The Mechanism of Rituximab/Graphene Oxide Complex-Mediated Cytotoxicity
It remains incompletely understood how RTX/GO kills target cells. The results show that the highest valence of RTX in RTX/GO gives rise to the strongest cytotoxicity.7 As CD20 crosslinking causes CD20 capping, and reorganisation of the actin network is required for capping,63 the actin polymerisation inhibitor, latrunculin B (LatB), was tested in a RTX/GO-cytotoxicity assay. LatB completely abrogated RTX/GO-induced cell death, indicating that the actin network is involved in the cytotoxicity.7 Anti-major histocompatibility complex Class I (HLA-A/B/C) and Class II (HLA-DR) mAb W6/32 and L243 were also used to generate mAb/GO complexes. HLA-DR is a lipid raft-associated protein whereas HLA-A/B/C are located outside of lipid rafts.64 W6/32/GO induced limited Raji cell death; on the other hand, L243/GO killed the target cells as extensively as RTX/GO.7 These results suggest that lipid raft-associated proteins are involved in RTX/GO-mediated activity. Given the previous report that the actin network plays a role in controlling location and function of lipid raft proteins, the protective activity of LatB might result from interruption of relocation of lipid-raft proteins.

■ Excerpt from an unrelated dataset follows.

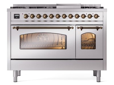 48" ILVE Nostalgie II Dual Fuel Natural Gas Freestanding Range in Stainless Steel with Bronze Trim -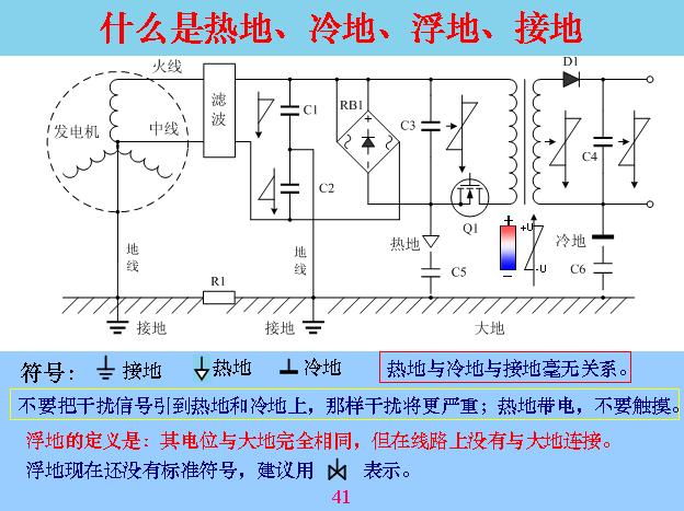 我們后面再講很具體的電路問題。很多人對地的概念不是很清楚,也不了解,現(xiàn)在很多人都把電路里面的公共關(guān)說成地,具體是不是?我們先介紹幾個概念。一般按照道理,最早地就是大地,后來地慢慢習(xí)慣用到設(shè)備里面,包括外殼、輸入線,比如說示波器或者信號線,與大地連在一起,有的不連,現(xiàn)在就變成了一個很模糊的概念,我們就把熱地、冷地、浮地、接地幾個概念簡單介紹一下。這個符號是比較標(biāo)準(zhǔn)的接地符號,就是接大地的,不管哪個設(shè)備接地都是這個符號。熱地國家還沒有標(biāo)準(zhǔn),大部分都習(xí)慣用這個箭頭作為熱地。冷地國家也沒有標(biāo)準(zhǔn),大家都接受是這樣的,這三個地基本上電工里面都有明確定義的,這個地就是接大地,熱地就是里面整流出來電源的某一端是公共端,人去摸它會帶電,會電死人,和前面的火線會產(chǎn)生回路電流,會電到人,所以這個叫做熱地。還有一個通過電子耦合以后沒有電的關(guān)聯(lián),只有磁場關(guān)聯(lián),你去量根本沒有回路,叫做冷地,手是可以摸的。但是你不要以為它是冷地就不帶電,實(shí)際上它還是帶電,為什么帶電?大家可能一下子不是很清楚,它帶的是靜電,相當(dāng)于極化帶電,就是線圈通過感應(yīng)以后,一頭帶負(fù)的,一頭帶正的。電容機(jī)也是,有一頭帶電,有一頭不帶電,這一點(diǎn)還是帶負(fù)電,不帶電的沒有跟電路連接,定位與大地一樣,所以叫做浮地。對應(yīng)的不是與大地相等,但沒有與大地連接,拿電表來量這一點(diǎn)與大地沒有電壓。浮地的信號現(xiàn)在還沒有,如果大家參考的話可以參加這個符號來用,這個地方電位等于零,當(dāng)兩邊發(fā)生變化就用這個來表,對電路分析有好處,特別是嚴(yán)重干擾的時候一定要把浮地找到,因?yàn)殡娢辉礁叩牡胤诫娙菰饺菀赘蓴_,電位等于零,也就是浮地和電位是越低的地方干擾就越小。

Calcium (Ca) influx is required for RTX/GO-mediated killing as Ca2+ chelator alleviates the cytotoxicity. RTX/GO also induces strong reactive oxygen species in the target cells and blocking reactive oxygen species production prevents the cell death (unpublished data). All the results indicate that potent cytotoxicity of RTX/GO results from a combined action of CD20-crosslinking-induced intracellular activity and biological activity of GO.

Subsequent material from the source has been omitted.